I generally emphasize Net Asset Value (NAV) in looking at BDCs. NAV is simply the total fair value of all assets minus liabilities. Loans are generally marked to fair value so that non-performing loans are discounted. BDCs, which are stuck with low interest rate loan assets generally can redeploy into higher interest rate loans in a reasonable time period because most BDC loans are relatively short term. Thus, NAV provides a good measure of BDC value in most cases and, over a reasonable time period, provides a useful benchmark for estimating potential earnings. BDCs often have sizable equity holdings and fair value estimates of those holdings are more problematic and volatile. However, a big enough discount to NAV provides the investor with a helpful margin of error in this regard.
With respect to American Capital (NASDAQ:ACAS), Gladstone Investment (NASDAQ:GAIN), and MVC Capital (NYSE:MVC), the table below provides Friday's closing price, the low price during the past week, NAV, the current discount to NAV and dividend yield. All data is based on recent SEC filings and information from corporate websites.

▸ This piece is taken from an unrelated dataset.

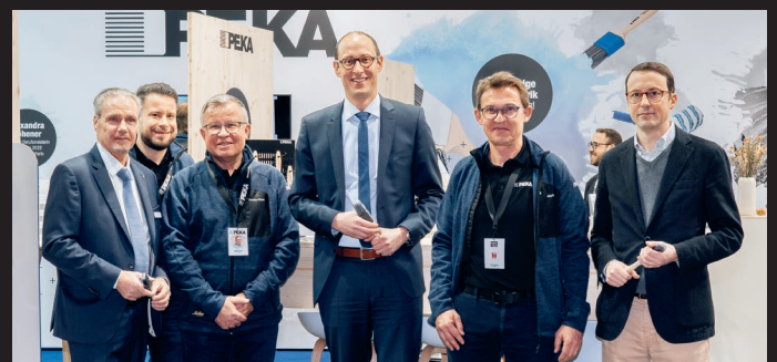
PEKA Pinselfabrik AG

|Price 6/7||Week's Low||NAV||Discount||Yield|
ACAS has made an election to discontinue being a RIC with respect to tax status and has not been paying dividends. MVC's NAV as of the end of the last fiscal quarter was $16.29 but I have made additions due to share repurchases and the sale of a substantial asset for more than book value since that date. GAIN pays monthly dividends which may be attractive to some investors.
Each of these companies has its own story to tell. ACAS, which I have recently analyzed in more detail here, has an investment management arm and there may have been some concern that the value of this asset could be diminished as agency mortgage REITs run into problems due to rising interest rates. ACAS's subsidiary gets paid based on assets under management and so is somewhat insulated from the day to day vagaries of the market. On the other hand, assets under management have increased in recent years due to public offerings of equity and this avenue for growth may become more problematic as rates increase. ACAS has been fairly aggressive buying back shares and NAV has steadily increased in recent quarters. At some point, ACAS will very likely resume dividends and this may be a factor in pushing the price up to NAV.
MVC has had relatively high holdings of equity in middle sized companies - some of which have worked out very well. Management seems to be implementing a strategy of redeploying capital in the more traditional direction of loans to middle market companies (especially at the smaller end of the middle market spectrum). This will tend to produce more yield and higher dividends as time passes and capital is redeployed. MVC also has a share repurchase program. MVC recently realized a large gain on the sale of Summit Research Laboratories; the next few quarters will give us a better window on the "new MVC" as that capital is redeployed.
GAIN has been more of a traditional BDC. It is one of a group of companies run by David Gladstone who has been a major figure in the BDC world. GAIN ran into problems with inflexible lenders during the Panic of 2008-09 but is definitely on the mend. GAIN has a high proportion of floating rate loans as assets and is thus less subject to the impact of rising interest rates. Its recent financial results indicate rising income and the potential for dividend increases.
These companies are trading at discounts to NAV, which should close up over the next year or two. Opportunistic investors should look for market pull backs to open up even more attractive entry points for each of these companies. I would advise a long position at current prices on each of these but, of course, would be more inclined to "back up the truck" if the market creates even bigger discounts.
Disclosure: I am long ACAS, GAIN. I wrote this article myself, and it expresses my own opinions. I am not receiving compensation for it (other than from Seeking Alpha). I have no business relationship with any company whose stock is mentioned in this article.